A l’image du marchand Oleg Brodski, les personnages semblent tout droit sortis d’un roman russe.

La révolution, une affaire sérieuse

Quelques mètres et le train effectue sa première halte. Entre alors Vladimir Vladimirovitch Ouliakov suivi de deux jeunes groupies: «On veut faire la révolution avec vous!», supplient-elles. «La révolution est une chose sérieuse, pas pour les jeunes filles comme vous!», leur répond-il sèchement. Le bolchevique est à la recherche de la tsarine Alexandra qui aurait été vue dans les rues d’Eka­terinbourg. C’est certain, des membres de la famille du tsar sont à bord, reste à les trouver.

Grincements. Le convoi repart pour s’arrêter quelques minutes plus tard sur les hauteurs de Montreux. En contrebas, les lumières de la ville criblent l’obscurité, dévoilant les reflets du lac. Instant furtif où l’on retrouve la réalité avant de replonger dans la fiction. Le train a repris sa vitesse de croisière et l’heure est venue pour Evgueni Raskounine et son fils Dimitri de se faire connaître. Qui est ce mystérieux moujik qui refuse d’être pris en photo et qui vocifère au milieu des convives? Dans la rame, les conversations vont bon train. Pas encore de meurtre, mais des personnages tout droit sortis d’un roman russe. Au milieu des suppositions, les assiettes arrivent sur les tables. Nous sommes désormais aux Cases, terminus de notre périple et dégustons l’entrée dans une ambiance tamisée, croisant de temps à autre un train de ligne et ses passagers rivés sur leur smartphone.

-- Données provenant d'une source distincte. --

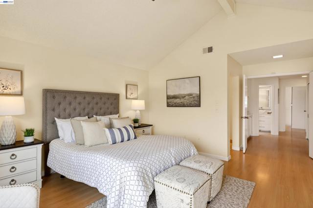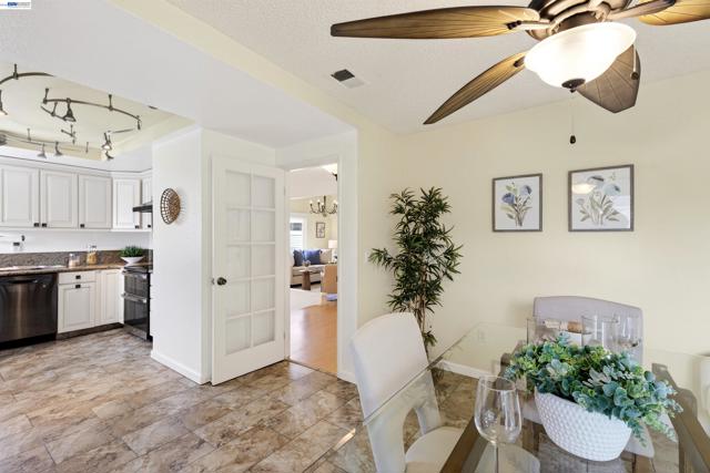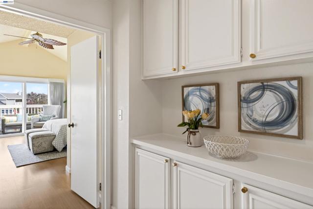 Transparent price! Discover a one-of-a-kind, move-in ready gem. This exceptional home, featuring three bedrooms and two fully remodeled bathrooms, is uniquely positioned to offer spacious privacy from neighboring units. The amenities of this gated community include a pool and spa, enhanced by walking paths winding among the lagoons leading to the bay shore and park. Access to the home entrance is bordered by beautiful pots, and once inside, the airy and bright interior is framed by new windows that invite the outside in. The primary suite is a tranquil retreat with sweeping and serene lagoon views and the East Bay hills. The double patio doors open onto a generous balcony, perfect for relaxation and breakfasts al fresco. The second bedroom offers a cozy escape with its own fireplace, tall ceiling and corner windows. The third bedroom, customized with wrap-around closet cabinetry, serves as a flexible office space or guest room. Both bathrooms were remodeled with custom cabinetry and storage The kitchen and dining area feature custom cabinetry and premium appliances. This is a rare opportunity to own a remarkable home . Don't miss this one!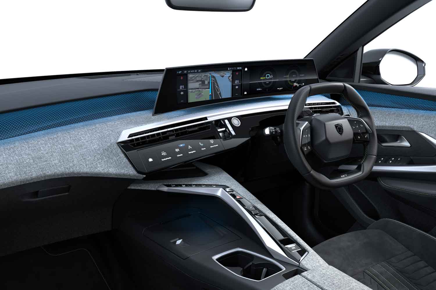 GTアルカンタラパッケージでは、アルカンタラ素材のシートを採用。プジョー初搭載のアダプティブボルスター機能により、体格やシチュエーションに応じたサポートが可能となる。アンビエントライトは8色から選択でき、時間帯や気分に合わせた車内演出が楽しめる。

Benoîte Van Skoope, journaliste au Petit reporter clandestin, est à la recherche d’une histoire à se mettre sous la dent.

Un goût de reviens-y

A 20 h 55, alors que nous nous apprêtons à soulever le couvercle de la cocotte contenant le plat de résistance, des coups de feu retentissent au loin suivis de hurlements de loups. Un drame, dont nous ignorons encore tout, s’est joué à quelques mètres, là-bas dans la forêt de bouleaux. Meurtre et mystère... Les scènes s’enchaînent apportant leur lot d’indices et de confusion. Qui a tué? Et pourquoi? Impossible d’en dévoiler davantage sous peine de gâcher le plaisir des futurs voyageurs. Mais ce qui est certain, c’est qu’à notre arrivée en gare de Montreux à 22 h 45, nous étions revenus de l’Oural avec l’idée que nous y retournerions un jour.

Evgueni Raskounine, un mystérieux moujik accompagné de son fils Dimitri, vocifère au milieu des convives.